Jackson, a state lawmaker from Charlotte, was involved in one of the most-watched political battles in the country: the race for a U.S. Senate seat in North Carolina. The Republican primary is already a cage match. Our most recent ex-president endorsed U.S. Rep. Ted Budd over former Gov. Pat McCrory, and a conservative lobbying group followed up by sending out an anti-McCrory mailer the size of an IKEA catalog. In return, McCrory tweeted that he once “deployed the National Guard when Antifa tried to take over.” Nobody else knows what he’s talking about, either.
On the Democratic side, things were quieter. Jackson was running against Cheri Beasley, former chief justice of the North Carolina Supreme Court. They emphasized their own strengths instead of their opponent’s flaws. But there was an unavoidable tension underneath, because Beasley is a Black woman, and Jackson is a white man.
Only two Black women in our history have been U.S. senators.
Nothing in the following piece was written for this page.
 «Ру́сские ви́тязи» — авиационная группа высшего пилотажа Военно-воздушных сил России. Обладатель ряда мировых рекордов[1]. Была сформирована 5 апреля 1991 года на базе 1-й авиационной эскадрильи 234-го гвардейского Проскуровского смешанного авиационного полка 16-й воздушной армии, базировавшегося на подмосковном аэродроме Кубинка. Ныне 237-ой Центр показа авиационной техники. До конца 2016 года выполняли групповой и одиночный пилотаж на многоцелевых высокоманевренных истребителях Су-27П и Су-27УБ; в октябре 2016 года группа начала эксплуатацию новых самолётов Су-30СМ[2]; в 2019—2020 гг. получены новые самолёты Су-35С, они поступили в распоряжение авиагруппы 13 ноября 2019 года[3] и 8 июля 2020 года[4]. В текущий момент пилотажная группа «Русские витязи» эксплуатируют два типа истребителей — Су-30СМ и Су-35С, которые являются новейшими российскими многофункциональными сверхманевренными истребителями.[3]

No matter what you think of her politics, Beasley is clearly qualified to become the third. So here’s the thorny question: Even if you like Jackson — even if you think he’d be a better senator — is that more important than making the Senate more diverse?
This, of course, is not just a question about the Senate. It’s about all kinds of jobs in American life, from welders to flight attendants to football coaches. For centuries, our society held back qualified minorities and women. Who knows how many Einsteins we lost, how many Lincolns, how many Neil Armstrongs, because the dominant white male culture didn’t give anyone else a chance.
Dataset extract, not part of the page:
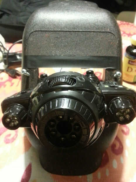 Para montar electrónica primer tornillo de la corredera en electrónica/montaje de empuje hacia el otro tornillo y deslice. la presión realmente sostiene muy firmemente la electrónica. Obviamente se puede montar de manera permanente más pero casi seguro que pondrá en peligro la utilidad original de máscaras. Si vas con montaje permanente te sugiero reducir el factor de forma de máscara en la parte superior (corte de la sección sobre los puntos de montaje del engranaje principal) de la soldadura y usando una tela de lona para eliminar fugas de luz.

The first part of the equation is changing our laws and attitudes to provide equal opportunities. We’ve made a lot of progress on that in the last 50 years. But there’s an even trickier part that comes next. Allowing qualified minorities to step up might also mean, in some cases, that white men need to take a step back.
That feels unfair. It is unfair. We should sit with that feeling for a while. Because it’s exactly what Black people and women in this country have felt forever.
The one thing we should mention here is that Beasley was leading the race anyway. She had raised more money and racked up key endorsements. But Jackson still had a real shot. He told Axios’ Michael Graff that his advisers said he’d have to go negative to win, and he refused. But whatever the reason, Jackson undoubtedly knew the math. There have been nearly 2,000 senators in our nation’s history. Two of them have been Black women.
There’s an F. Scott Fitzgerald line that goes something like, the test of intelligence is the ability to hold two opposing ideas in your head at the same time. It’s possible to think that Jackson might have been the better candidate, but Beasley should win anyway. I wonder if, somewhere down deep, Jackson feels that way, too.